Last Thursday, the National Research Council concluded that, at best, there will be 2 million hydrogen vehicles on the road by 2020. Even more restrained: the new report's assessment that it will be 2023 before such vehicles become "competitive" in cost with other cars and trucks.

Lest we forget, the governor got on board the hydrogen train long before he became a true believer in climate change policy and other kinds of alternative fuels. It was April 2004 when Schwarzenegger created the "California Hydrogen Highways Network" with a goal of 150 to 200 hydrogen refueling stations across the state by 2010.

More than four years after he grandly declared hydrogen transportation as "real and attainable," the creation of all of those refueling stations is only puttering forward. Last year, the state Air Resources Board effectively rethought the governor's vision of hydrogen stations up and down the length of the state, choosing instead a strategy of clustering refueling sites in the San Francisco and Los Angeles areas.

If this seemingly slow pace (remember the guv's call for a large network by 2010?) is actually as expected, then it seems the governor's trademark salesmanship was way over the top.
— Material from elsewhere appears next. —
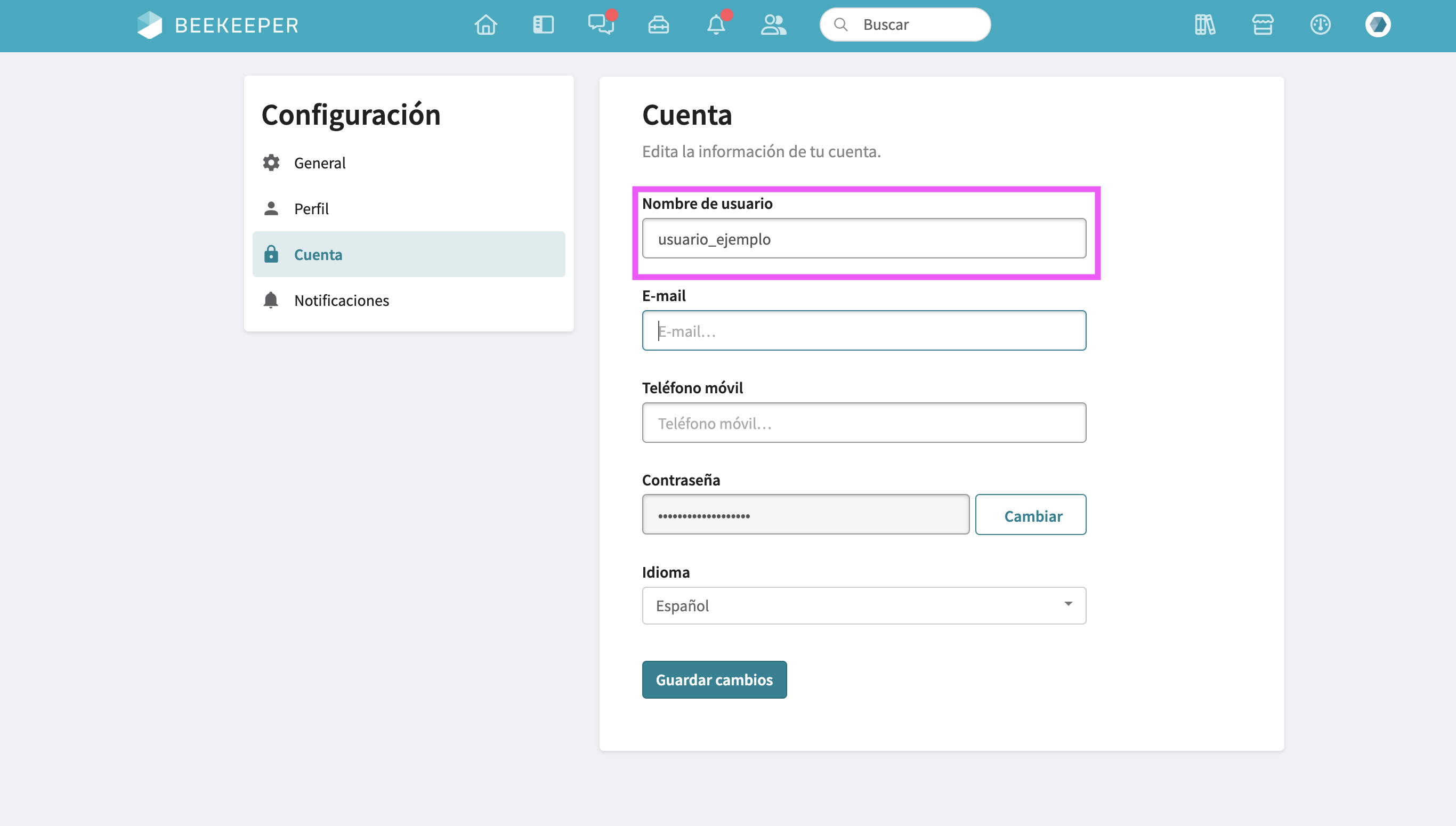 Cuando esta marca está activada, permite a los usuarios cambiar su nombre de usuario en 'Perfil y Configuración' > 'Cuenta'.

If the current progress on the "hydrogen highway" was unexpected, then Schwarzenegger again seems to have overpromised.

Either way, the new study reinforces the evidence that hydrogen as a mainstream, popular fuel source isn't close to being ready for prime time... no matter how enthusiastic the state's chief executive was as he wheeled into that photo op in the spring of 2004 at UC Davis (in a big SUV, of course) to pump hydrogen fuel into a vehicle as the cameras clicked.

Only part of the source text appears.